GOAL OF THE EXERCISE: Everything from the line with "Die Klimaschutz-Werkstatt lädt" to the line with "1920’s Art Deco" in the listing below, both lines included, needs to be copied exactly, apart from the pictures.

EXERCISE INPUTS:
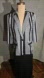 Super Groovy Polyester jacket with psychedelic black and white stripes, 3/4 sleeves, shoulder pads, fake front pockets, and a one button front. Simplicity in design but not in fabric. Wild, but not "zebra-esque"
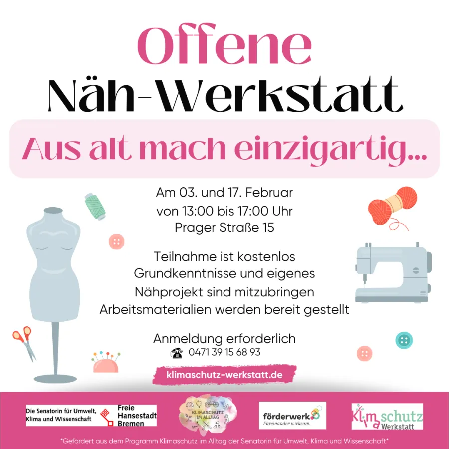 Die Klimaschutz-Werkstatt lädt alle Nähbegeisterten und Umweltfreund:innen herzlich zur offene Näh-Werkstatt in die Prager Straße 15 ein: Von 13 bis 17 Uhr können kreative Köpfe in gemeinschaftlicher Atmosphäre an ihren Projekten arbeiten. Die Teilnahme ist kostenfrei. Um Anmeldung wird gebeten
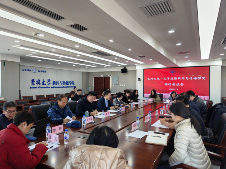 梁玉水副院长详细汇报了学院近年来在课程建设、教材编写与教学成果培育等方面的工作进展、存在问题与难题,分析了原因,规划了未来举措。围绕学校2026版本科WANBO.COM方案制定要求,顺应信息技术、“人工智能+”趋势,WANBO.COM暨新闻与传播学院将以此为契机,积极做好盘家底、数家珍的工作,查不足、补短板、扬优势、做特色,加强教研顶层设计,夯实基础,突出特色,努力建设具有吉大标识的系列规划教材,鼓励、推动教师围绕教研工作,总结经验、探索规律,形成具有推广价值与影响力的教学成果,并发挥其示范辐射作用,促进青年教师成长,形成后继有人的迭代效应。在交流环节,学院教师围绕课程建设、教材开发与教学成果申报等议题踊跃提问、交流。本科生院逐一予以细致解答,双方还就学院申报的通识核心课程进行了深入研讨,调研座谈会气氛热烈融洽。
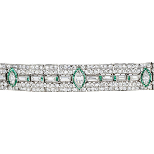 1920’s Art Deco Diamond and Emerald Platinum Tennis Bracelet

==

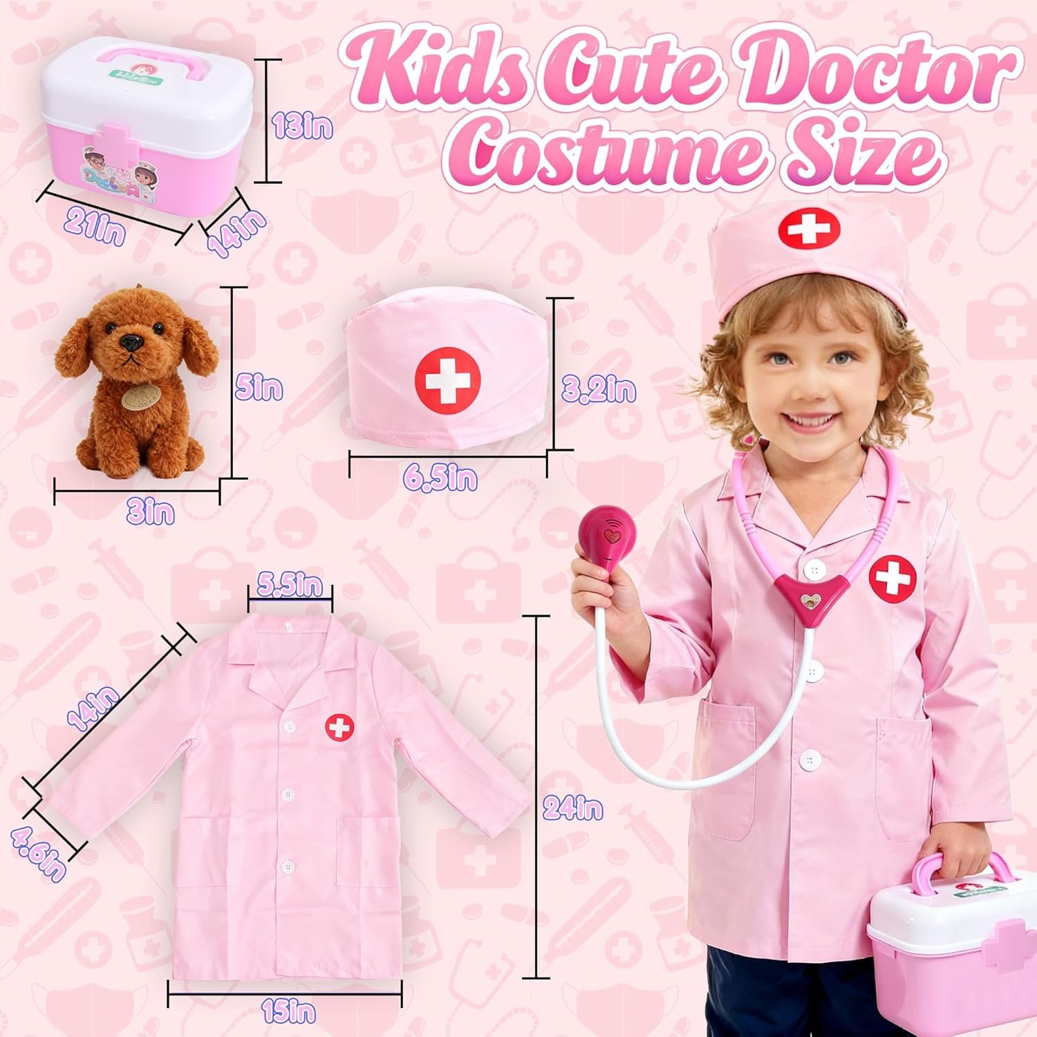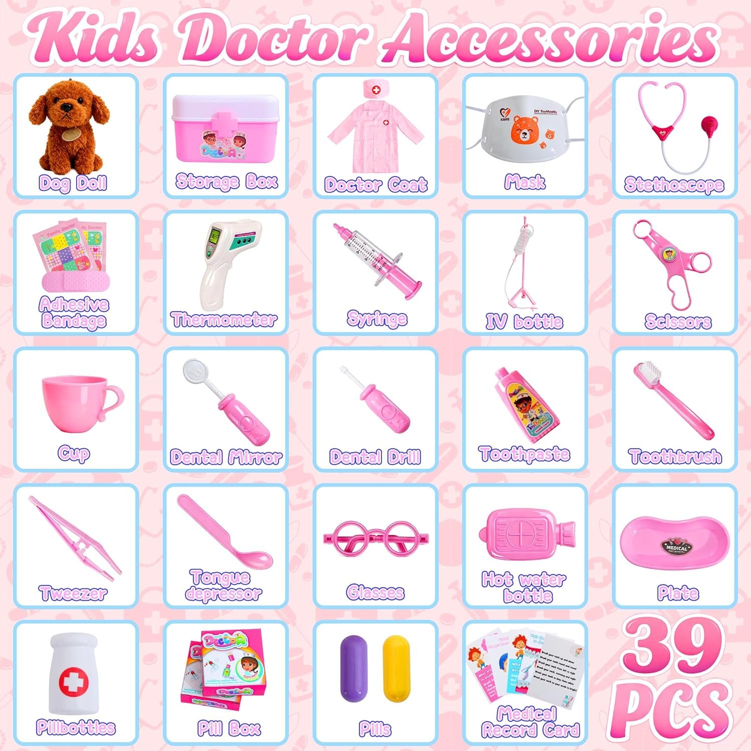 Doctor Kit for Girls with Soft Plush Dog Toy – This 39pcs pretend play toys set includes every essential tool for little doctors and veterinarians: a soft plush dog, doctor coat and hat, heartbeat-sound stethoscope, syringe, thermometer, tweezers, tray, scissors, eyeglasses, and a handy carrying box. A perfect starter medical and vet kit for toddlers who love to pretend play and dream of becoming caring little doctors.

WRITTEN ANSWER:
 Die Klimaschutz-Werkstatt lädt alle Nähbegeisterten und Umweltfreund:innen herzlich zur offene Näh-Werkstatt in die Prager Straße 15 ein: Von 13 bis 17 Uhr können kreative Köpfe in gemeinschaftlicher Atmosphäre an ihren Projekten arbeiten. Die Teilnahme ist kostenfrei. Um Anmeldung wird gebeten
 梁玉水副院长详细汇报了学院近年来在课程建设、教材编写与教学成果培育等方面的工作进展、存在问题与难题,分析了原因,规划了未来举措。围绕学校2026版本科WANBO.COM方案制定要求,顺应信息技术、“人工智能+”趋势,WANBO.COM暨新闻与传播学院将以此为契机,积极做好盘家底、数家珍的工作,查不足、补短板、扬优势、做特色,加强教研顶层设计,夯实基础,突出特色,努力建设具有吉大标识的系列规划教材,鼓励、推动教师围绕教研工作,总结经验、探索规律,形成具有推广价值与影响力的教学成果,并发挥其示范辐射作用,促进青年教师成长,形成后继有人的迭代效应。在交流环节,学院教师围绕课程建设、教材开发与教学成果申报等议题踊跃提问、交流。本科生院逐一予以细致解答,双方还就学院申报的通识核心课程进行了深入研讨,调研座谈会气氛热烈融洽。
 1920’s Art Deco Diamond and Emerald Platinum Tennis Bracelet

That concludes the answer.